##### Task inputs #####

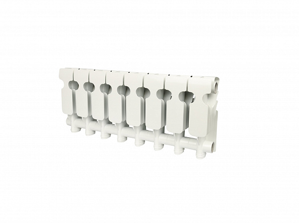 Алюминиевый секционный радиатор для автономных систем отопления (дача, котедж и т.д.). При высоте потолка 2.5 - 2.75 м и средних теплопотерях 8 секции ROMMER Plus с межосевым расстоянием 200 мм достаточно для обогрева 8 м?. Характеристики
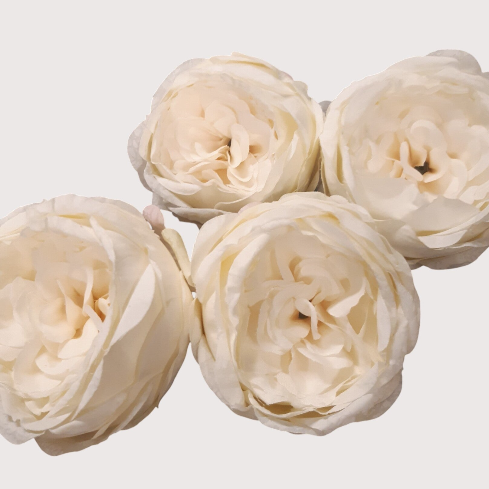 Róże wyrobowe wykonane z materiału, ze środkiem usztywnianym styropianem. W opakowaniu znajduje się 12 sztuk samych kwiatów, bez łodyg – idealne do kompozycji florystycznych, stroików, boxów kwiatowych i dekoracji DIY.
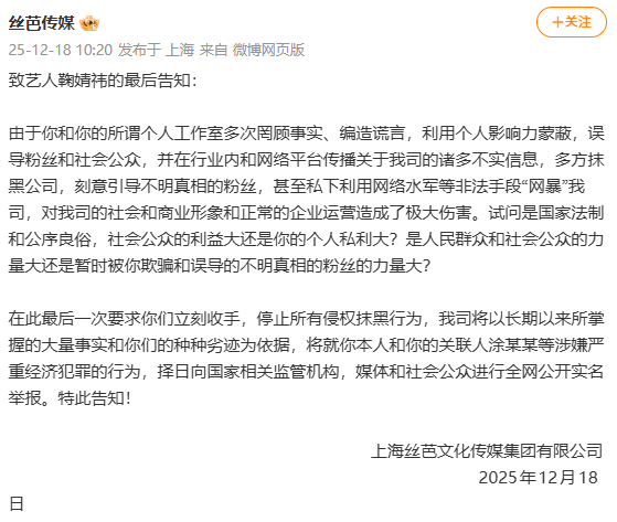 2025年12月18日,丝芭发《致艺人鞠婧祎的最后告知》,威胁将实名举报鞠婧祎“涉嫌严重经济犯罪”。
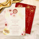 This elegant floral Chinese wedding invitation features a real gold foil line art flowers and pink cherry blossoms on a cream background. With a traditional Chinese backside text.
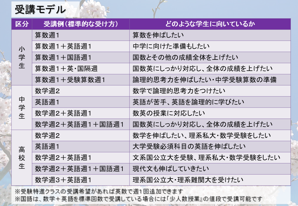 - 中学生のときは英数のポイントの解説と演習の授業+進学レベルの演習授業
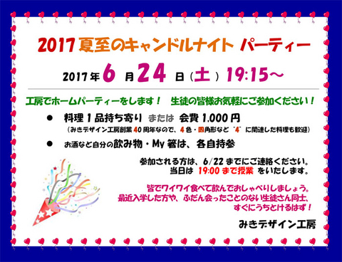 今年は、久しぶりに 【夏至のキャンドルナイト パーティー】 です!
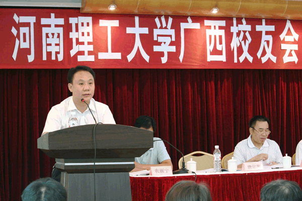 大会首先由校友总会秘书长王裕清副校长代表校友总会宣读了《河南理工大学校友总会关于同意召开广西校友会成立大会的批文》,测量84级校友、南宁市建筑管理处科长、高级工程师吴校成作了《关于河南理工大学广西校友会筹备情况的汇报》的报告,采煤78级校友、广西城建咨询有限公司董事长、总经理罗静斌作了《关于河南理工大学广西校友会章程起草的说明》的报告,吴校成校友宣读了广西校友会筹委会推荐人选名单并表决通过理事、常务理事、秘书长、副会长、常务副会长、会长建议名单,宣布乐广西校友会筹委会决定聘任名誉会长。
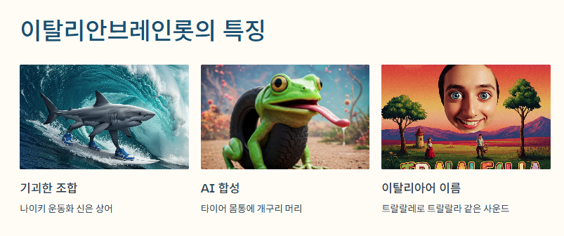 - AI 합성 이미지에 이탈리아어식 이름을 붙여 만든 기괴하고 유쾌한 밈.
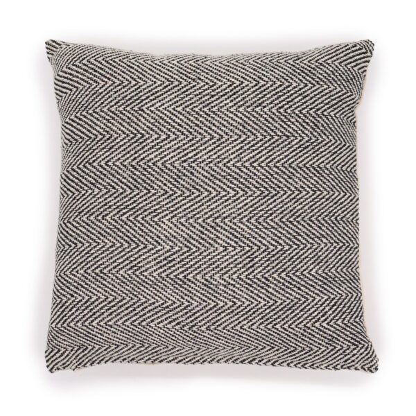 Transform your living space with the exquisite charm of traditional Indian design through this stunning cushion cover. Crafted from high-quality cotton, it features a timeless herringbone pattern in a fine grey hue, making it a striking addition to your home décor.
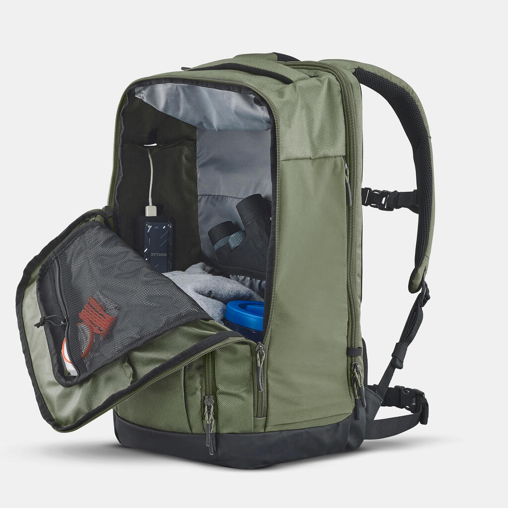 We also measured the volume with the 2 exterior side water bottle pockets, whereby its total capacity increases to 35L.
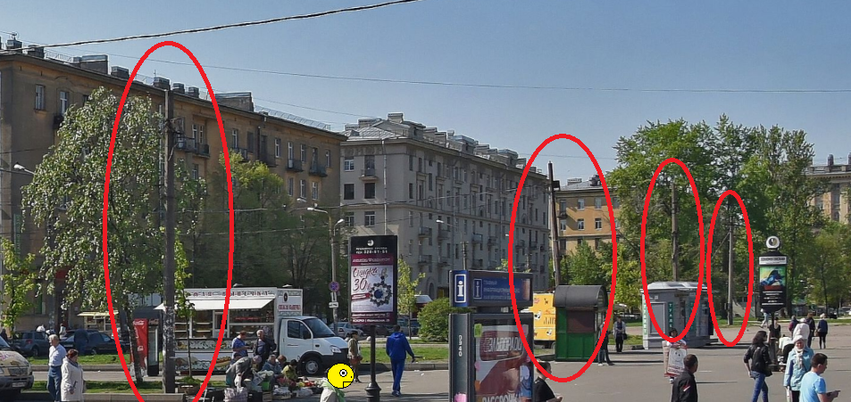 2. А у метро на 4 столба провод не кинуть, видимо. Старые фонари сняли, а новые нее повесили. Теперь ещё и от столбов открещиваются.
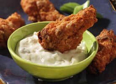Loved this recipe it turned out fine - only change I made was to crumble up small chunks of blue cheese into the blue cheese dressing giving it an even stroner blue cheese taste - I served also salsa and chips - people ended up using the chips in the blue cheese dressing. It was great!!
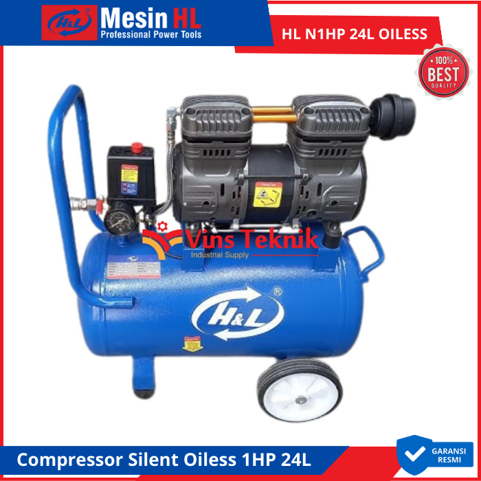 H&L HL N1HP Mesin Kompresor Compressor Silent Oilless 1HP 24Liter HL N1HP
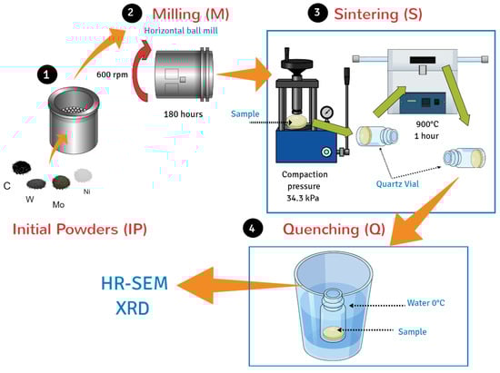 W (98.9% purity, 5 ± 2 m), Mo (99.8% purity, 25 ± 3 m), Ni (99% purity, 50 ± 2 m) and C (99.8% purity, 11 ± 3 m) from Sigma Aldrich Company were used as raw materials and carbide precursors. The initial composition of the powders was as follows: W: 10 wt.%; Ni: 15 wt.%; Mo: 25 wt.%; and C: 50 wt.%. The raw materials underwent 180 h of continuous mechanical alloying in a horizontal noncommercial low-energy ball mill instrument at a rotational speed of 600 rpm (180 h of continuous milling). The initial powders and media milling were loaded into a stainless steel vial inside a vacuum glove box under argon atmosphere. Cylindrically shaped high-density ZrO zirconia grinding media with two sizes, 12.7 mm × 12.7 mm and 9.5 mm × 9.5 mm, were used. The ball-to-powder weight ratio was 10:1. The synthesized powders were compacted on a stainless steel die at a pressure of 34.3 kPa to produce a compacted sample with a cylindrical shape, thickness and height of 2 mm and 5 mm, respectively. The sample tablet was introduced into a quartz vial sealed with argon atmosphere and placed into a TF55030A-1 tube furnace (Thermo Scientific Company, Waltham, MA, USA) heated to 900 °C at a rate of 20 °C per minute for 1 h. Then, the quartz vial (with sample inside) was quenched in water at 0 °C with a cooling rate of 29.16 °C/s.

#####

Within the listing above, find the line containing "Transform your living" and the line containing "H&L HL N1HP". Transcribe them and everything between them exactly, leaving out the pictures.

• **Completed exercise**:
 Transform your living space with the exquisite charm of traditional Indian design through this stunning cushion cover. Crafted from high-quality cotton, it features a timeless herringbone pattern in a fine grey hue, making it a striking addition to your home décor.
 We also measured the volume with the 2 exterior side water bottle pockets, whereby its total capacity increases to 35L.
 2. А у метро на 4 столба провод не кинуть, видимо. Старые фонари сняли, а новые нее повесили. Теперь ещё и от столбов открещиваются.
Loved this recipe it turned out fine - only change I made was to crumble up small chunks of blue cheese into the blue cheese dressing giving it an even stroner blue cheese taste - I served also salsa and chips - people ended up using the chips in the blue cheese dressing. It was great!!
 H&L HL N1HP Mesin Kompresor Compressor Silent Oilless 1HP 24Liter HL N1HP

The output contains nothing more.